The turnover of gold bars is regulated by Article No. 149 of the Tax Code (clause 3, subclause 9). The sale of precious metal bars is not subject to VAT only if they are deposited in a bank (according to letter of the Russian Ministry of Finance No. 03-07-05/44 dated May 25, 2012). If the owner wishes to pick up his bullion, then in addition to its cost, he will have to additionally pay a value added tax of 20%. In a practical sense, the size of the tax itself is not a decisive factor, as we will show later in the examples.

Family stash

In 1993, during construction work in an underground parking lot in Trier, more than 18 kilograms of gold coins from the Roman Empire were discovered. They were in a leather bag, which was stored in a metal pot. It appears to have been a family stash that was replenished over many decades.

  • Treasures found by German residents

  • Buy and never sell

    According to Federal Law No. 41-FZ (Article 21, paragraph 1), when conducting transactions with precious metals, their value is determined by international market prices. They are formed on the precious metals exchange in London. Every day, the official Internet resource of the Bank of Russia publishes this information, following the instructions of its management No. 1283-U dated May 28, 2003, regulating the formation of the accounting value of refined precious metals.
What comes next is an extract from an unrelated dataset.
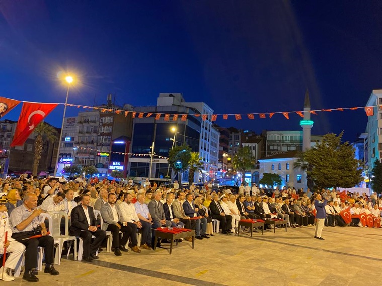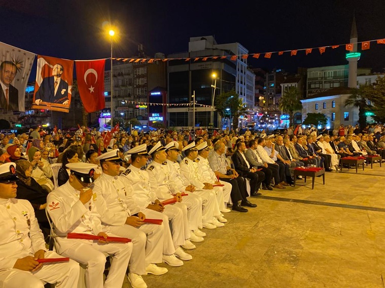 İlçe Merkezindeki Atatürk Anıtı önünde saat 20.00’deki Fotoğraf Sergisi ve 21.00’de gerçekleştirilen Anma Programına; Kdz. Ereğli Kaymakamı Mehmet Yapıcı, Zonguldak Milletvekili Saffet Bozkurt, Karadeniz Bölge ve Garnizon Komutanı Tuğamiral Niyazi Uğur, Kdz. Ereğli Belediye Başkanı Halil Posbıyık, Cumhuriyet Başsavcısı V. Serhat Akın Bekiroğlu, Önceki Dönem Zonguldak Milletvekillerinden Faruk Çaturoğlu, İçe Jandarma Komutanı Üsteğmen Ali Akça, İlçe Emniyet Müdürü Hasan Ünlü, Daire Müdürleri, Ak Parti İlçe Başkanı İbrahim Sezer, MHP İlçe Başkanı Rahman Demirtürk, BBP İlçe Başkanı Yusuf Karaoğlu, MÜSİAD Şube Başkanı Kemal Gülbay, Erdemir’i temsilen Sıcak Haddehaneler Direktörü Kenan Acar, Şehit ve Gazi yakınları ile kalabalık bir halk topluluğu katıldı.

All professional participants in the gold market follow the prices indicated on the website, regardless of whether they are selling or buying.

    Simple example

    Let us carry out a simple analysis of the conditions for the purchase and sale of gold in one of the Moscow branches of Sberbank of Russia according to data as of 02/05/2014. As a starting point of 100%, we will take the book value of gold in the Bank of Russia on this date. In the table below, we have rounded all values ​​to whole numbers.
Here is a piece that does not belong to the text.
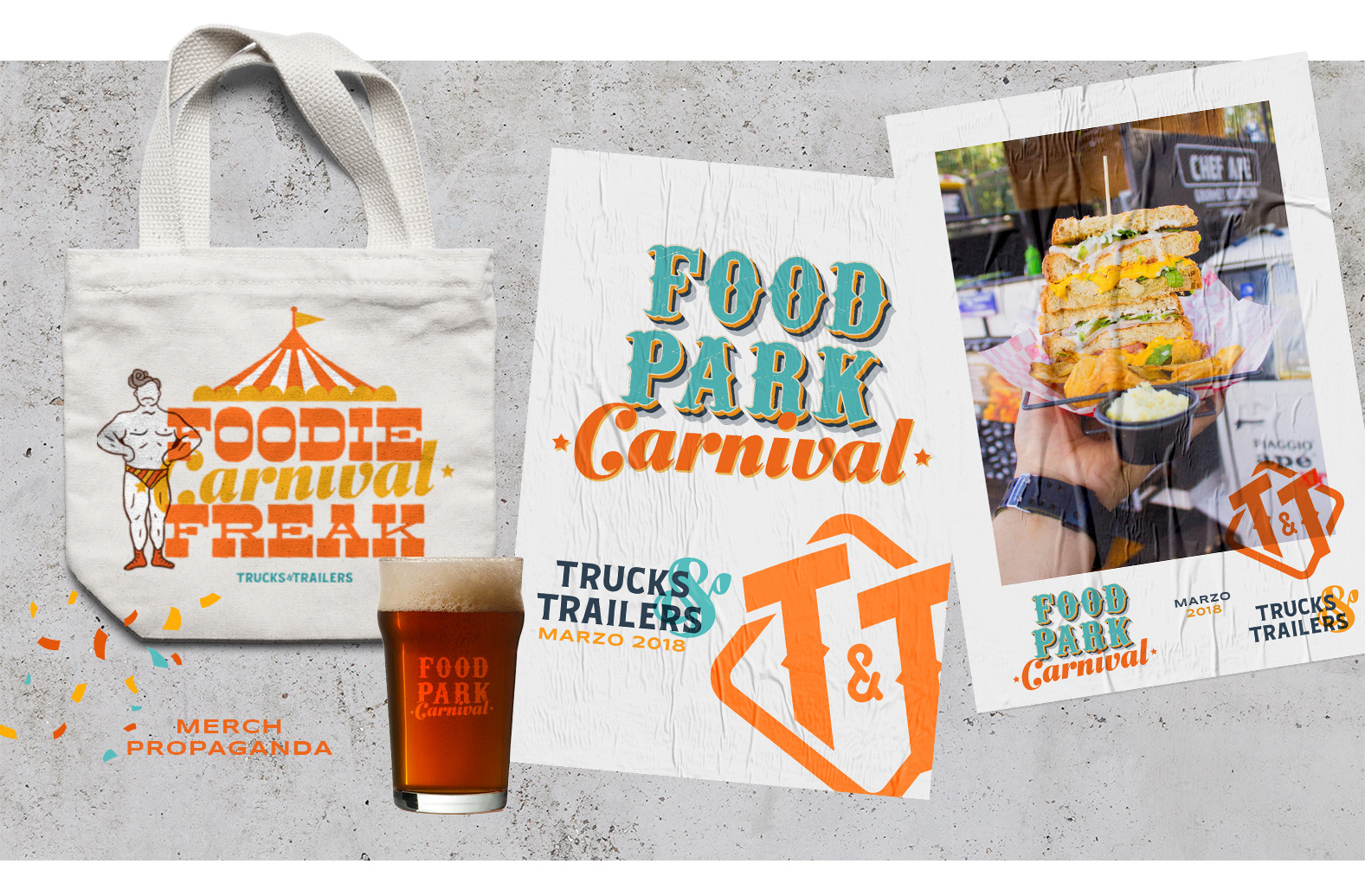 Visual identity for an event organized for Trucks & Trailers - Food Park in El Salvador, Central America. Development of concept, graphic design, food stylist and photography for the campaign. The goal was to attract people to attend a food diversity festival.

    The bank's profit from the sale of 1 gram of gold in the form of coins is 39%. It exceeds the profit from the sale of bullion, equal to 28%. It is not so important that the markup when selling an ingot already contains value added tax. It will not be deducted again. It doesn’t even matter here that the “Sochi 2014” coins were not made in the best quality (“uncirculated”). This minting technology is more often used in the production of change coins used as a means of payment at face value. Hence the conclusion: the high cost of bullion due to the value added tax is imaginary. The quotation spread, or the difference between the purchase price and the sale price, for coins and bars is approximately the same, 28% and 24%, respectively, relative to the purchase price. It is because of the spread that it is more profitable to store gold in coins and bars without selling it for several years. For foreign currencies, the spread is much smaller.
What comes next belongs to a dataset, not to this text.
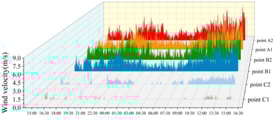 It can be observed that, under the influence of the dominant winter winds in the coastal region, both outdoor test points exhibit the similar trend in wind speed variation: a gradual increase from afternoon to evening, a slow decrease from midnight to early morning, and a significant increase from morning to late afternoon. In the courtyard, strong transient winds exceeding 5 m/s occur frequently in the afternoon and at night, and the maximal wind speed value can reach 8 m/s, which is significantly higher than the comfort evaluation threshold (Figure 8). Comparing the wind speed values at test points A1 and A2, it is noted that the wind speed in the courtyard is slightly lower than that in the green area. The main reason for this is the lack of wind barriers in the grassland area, whereas the teachers’ apartment partially blocks the airflow, reducing the wind speed in the courtyard. However, the effect of wind protection is limited, leading to a severe outdoor wind environment in winter.

    The above calculation is quite specific. Before investing your hard-earned savings anywhere, carry out similar calculations and evaluate the possible return on investment.

    Any sale must be accompanied by another tax payment - personal income tax. You can avoid it if you have owned the property being sold for more than three years. Therefore, papers on the purchase of gold coins and bars must be kept.

    Golden tips

    1. Do not sell bullion and jewelry to private traders, this will reduce the cost by 50% of the original;
    2. It is recommended to withdraw investments from compulsory medical insurance only after the price of the metal has risen by 13-18%, this is guaranteed not to leave you at a loss, and for profit you should wait for a greater increase;
    3. Buy valuables for the weakest currency, this will increase your income in the future;
    4. When keeping bullion in your home, ensure good conditions so that the metal does not lose its shine and color, do not tell anyone about the value you have and do not keep it in the public domain;
    5. If you have invested in jewelry, then you should not sell it at a pawnshop - the latter accepts used jewelry for the price of scrap.